Bunun dışında takımın önemli oyuncularından biri Fıstıkçı Engin diğeri Şeftali Oktaydı. Fıstıkçı Engin takımın en önemli oyuncularından biriydi. Galatasaraydan Taksime gelip Cihangire gitmek için dönersen onların fıstıkçı dükkanının önünden geçersin. Bizim gibi Kadıköy köylüsü olanlar maç için karşıya geçince çantalarımızı oraya bırakır İstiklal Caddesinde gezer o zamanın tabiri ile piyasa yapardık. Şeftali Oktay takımın yedekten gelip maç kazandıran oyuncularındandı. Daha sonra kardeşi Önder de takımıza gelmiş hatta Can Bartu gibi hem basketbol hem futbol takımında görev yapmıştır.
Bunun yanı sıra o zamanların tabiriyle enişte Selim vardı. Anladığım kadarıyla Hülya Koçyiğit’in herhalde gönlünü yapmıştı ki herkes ona enişte diyordu. Zaten herkes’in bildiği gibi daha sonra evlendiler ve mutlu hayatlarını devam ettiriyorlar.

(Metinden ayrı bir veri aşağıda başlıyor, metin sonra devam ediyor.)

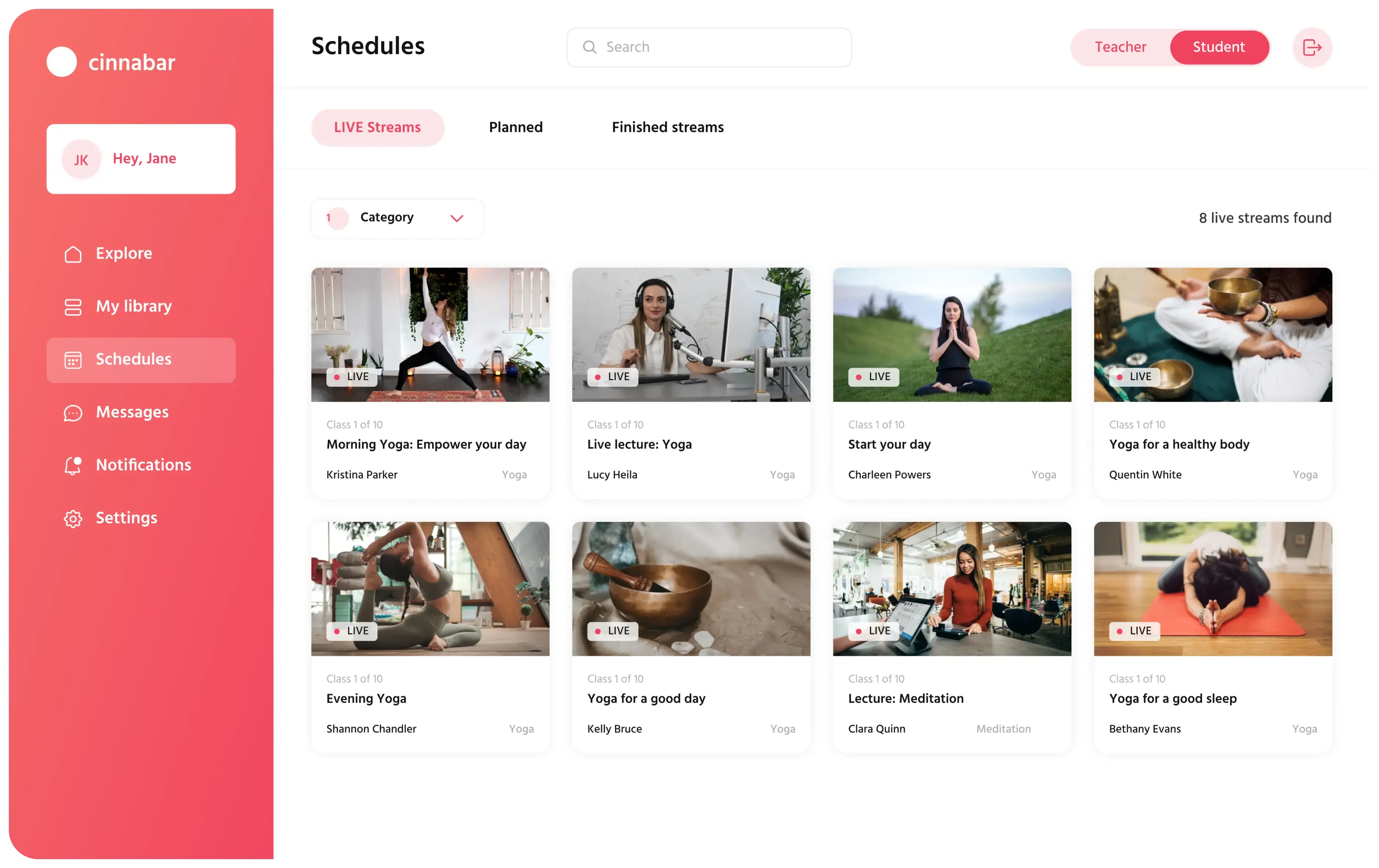 A user can join the platform as a teacher to share their knowledge with others or as a student to watch classes and learn. One person can have both types of accounts.

Bu takımın haşarı çocuğu Yılmaz ve ağır abi Ercan’da aynı takımdaydı. Dostlarım ister inanın ister inanmayın yeni yıla girene kadar bütün gece Futbolcuların birbirlerine çelme takmasını ve birbirlerinin efoşmanlarını indirerek şaka yapmalarını izledik ve yaptıklarına kendileri çok gülüyor ve eğleniyorlardı.

Bu anımı sizlere yazmamın nedeni aradan bu kadar sene geçmesine rağmen Futbolcuların hala yeterli eğitim almamış ve daha kötüsü gerekte duymamış olmalarıdır. Medyada yaptığı açıklamaları ve özellikle verdikleri röportajlarda kullandıkları cümleleri tekrar görüşlerinize sunuyorum.

Hülya Koçyiğit
Hülya Koçyiğit

Önümüzdeki maçlara bakacağız.

Bir seri yakalamak istiyoruz.

gibi suya sabuna dokunmayan ve hiçbir fikir içermeyen cümleleri kanıksayan ve beğenen bir toplum olduk.Zaten geçim sıkıntısı çeken, özel hayatlarında genelde itilip kakılan değerli taraftarlarımız ve mikser medyamız da bu tip söylemlere alışmış durumdadır.

Hamit Altıntop’un söylemlerini de hür insan fikir ve düşüncesi gibi değilde tepki olarak alan spor sever haklımızında o zaman ki basketbolcuların değerlerini de hatırlamalarını önemli görüyorum.

Ülkemizin şu an en büyük eksikliği insan sevgisidir. Eğitimsizlik  şu veya bu şekilde kabul edilebilir ama sevgisizlik asla!